Type 2 diabetics are TWICE as likely to die from Covid-19... and obesity increases the risk even further, new research shows

  • 1 week ago
Type 2 diabetics are TWICE as likely to die from Covid-19... and obesity increases the risk even further, new research shows
Patients with Type 2 diabetes are twice as likely to die from coronavirus – and being obese increases the risk even further, research reveals today.
 
A third of deaths from the virus have occurred among individuals with diabetes, which is linked to excess weight and a lack of exercise.
 
The study by the NHS and Imperial College London also found that those with Type 1 diabetes –which is not linked to obesity – were three and a half times more likely to die.
 
The findings provide further evidence that certain groups of patients are at much higher risk of suffering fatal complications.
 
But they also suggest that lifestyle strongly influences someone’s susceptibility to the virus.
 
Lead researcher Professor Jonathan Valabhji, the NHS’s national clinical director for diabetes and obesity, analysed the deaths of 23,804 patients in England from coronavirus between March 1 and May 11.
 
Professor Valabhji, also a consultant diabetologist at Imperial College Hospitals, found that 31.4 per cent had Type 2 diabetes and 1.5 per cent had Type 1.
 
The study also found that patients with Type 2 diabetes doubled their risk again if they were severely obese, with a body mass index (BMI) above 40.
 
They were twice as likely to die than those patients with the condition who were in the overweight or normal category.

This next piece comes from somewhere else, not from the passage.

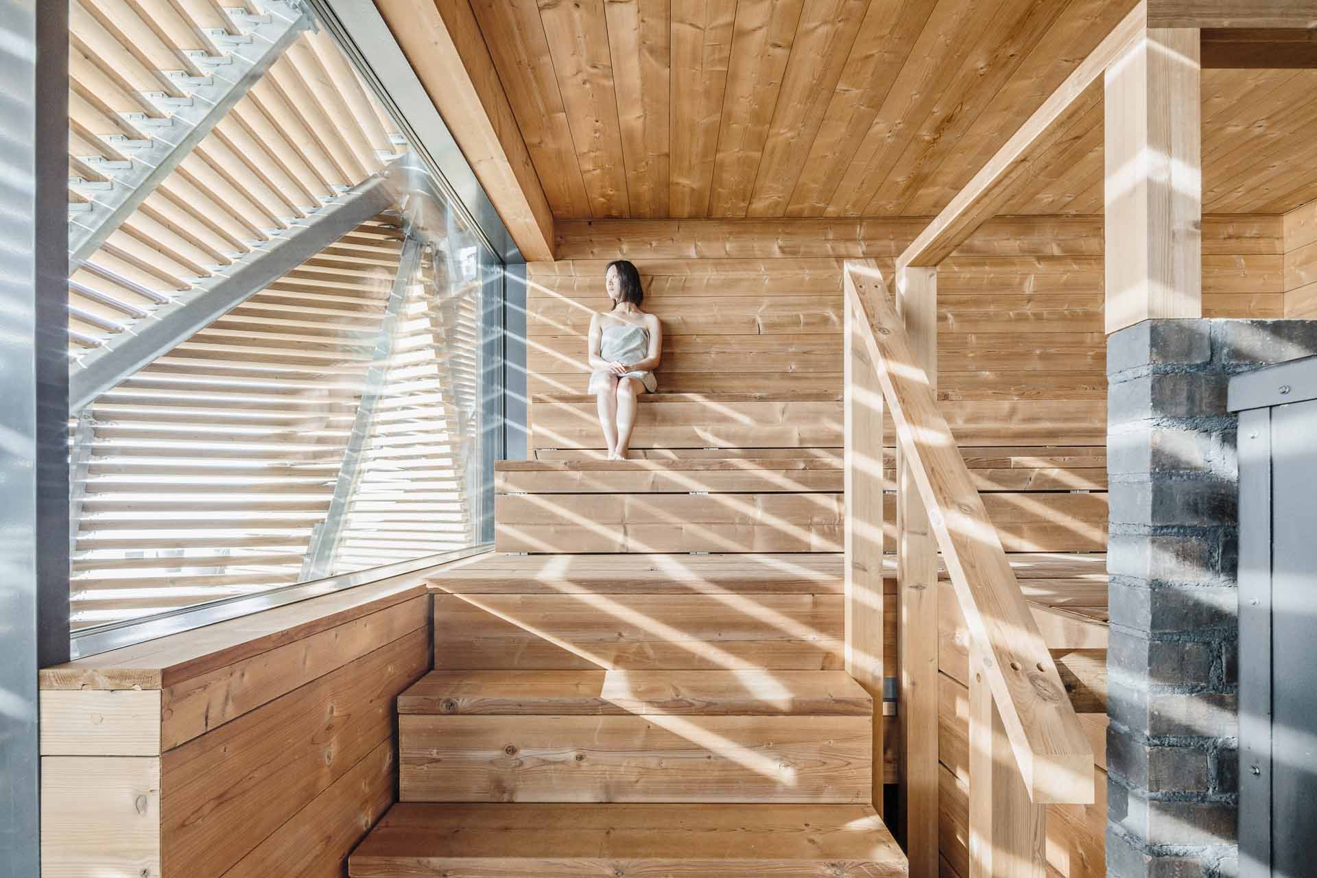 這座木造建築以不規則形狀攀附在岸邊,成為銜接陸地與海水的特殊媒介,而建築師將這種不規則形狀的外殼描述為「斗篷」(Cloak),它覆蓋了建築的主要兩個功能,一個是桑拿浴室,另一個則是餐廳區域。透過木頭結構的設計,這座公共桑拿同時兼具開放與私密,從建築內部可以無遮擋欣賞海景,但建築外部的視線卻無法穿透入內,而建築與棧道採用同樣素材,這也使得人們更能親近攀爬,將屋頂當成觀景平臺的一部分。
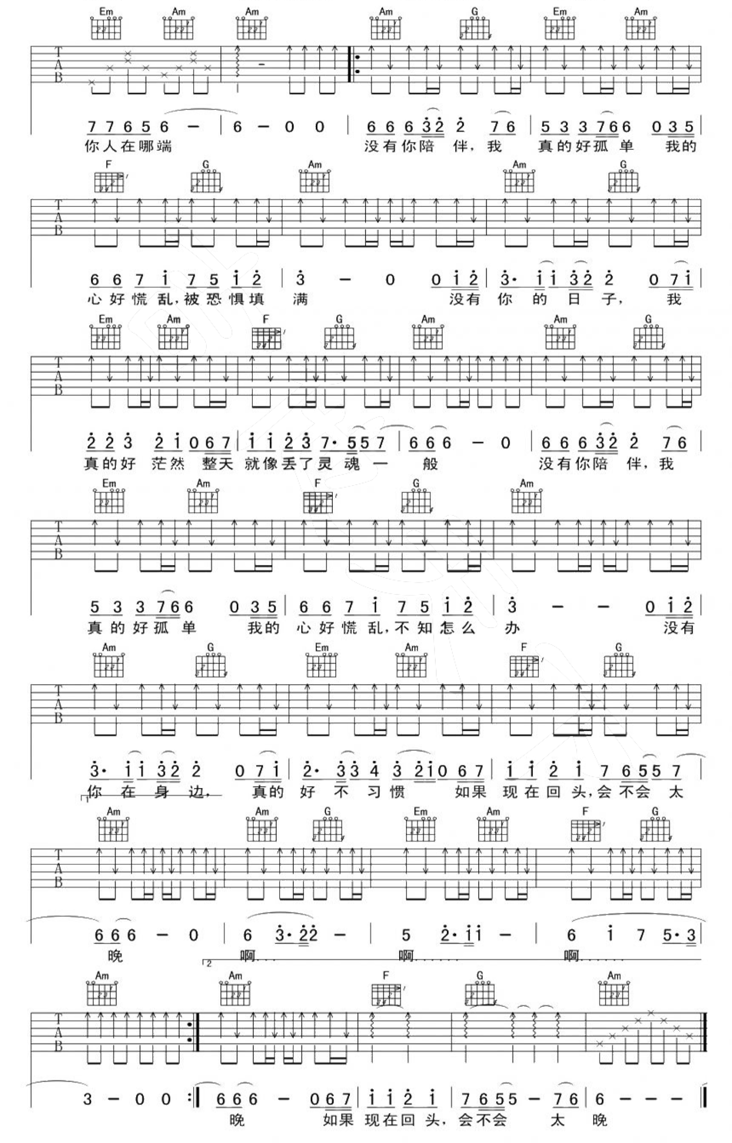 当前位置:琴谱网>吉他弹唱>没有你陪伴我真的好孤单

Patients with Type 2 diabetes who also had high blood glucose levels because their condition was poorly controlled increased their risk of death by another 60 per cent.
 
Professor Valabhji said: ‘This research shows the extent of the risk of coronavirus for people with diabetes and the different risks for those with Type 1 and Type 2 diabetes. Importantly, it also shows that higher blood glucose levels and obesity further increase the risk in both types of diabetes.
 
‘This can be worrying news but we would like to reassure people that the NHS is here for anyone with concerns about diabetes – and has put extra measures in place to help people and keep them safe, including online sites to support people to care for themselves, digital consultations, and a dedicated new helpline for advice and support for people treated with insulin.’ 
 
The Government is carrying out a major review into whether obesity, ethnicity and gender increase their chances of dying or becoming severely ill with the virus.
 
The findings, which are due within the next few weeks, could influence whether these groups are given tailored advice regarding social distancing and working in non-frontline NHS roles.
 
At least 3.9 million Britons have diabetes and the number has doubled in the past 20 years in line with rising levels of obesity.
 
Up to 90 per cent have Type 2 which usually develops after the age of 40 but is being increasingly seen in children and teenagers.
 
Bridget Turner, director of policy at Diabetes UK, said: ‘This new data sheds much-needed light on which groups of people with diabetes are more likely to experience poor outcomes if they catch coronavirus. 
 
It also shows that the risk of death for people with diabetes is higher than for people without the condition – with the risk for people with Type 1 being higher than for those with Type 2 – and that a history of higher blood sugar levels as well as obesity seem to be contributing factors.
 
‘It’s very important to remember that the risk of dying from coronavirus – for people with and without diabetes – remains very low, and that as cases of coronavirus decline, the risk to everyone of catching the disease will reduce in turn.’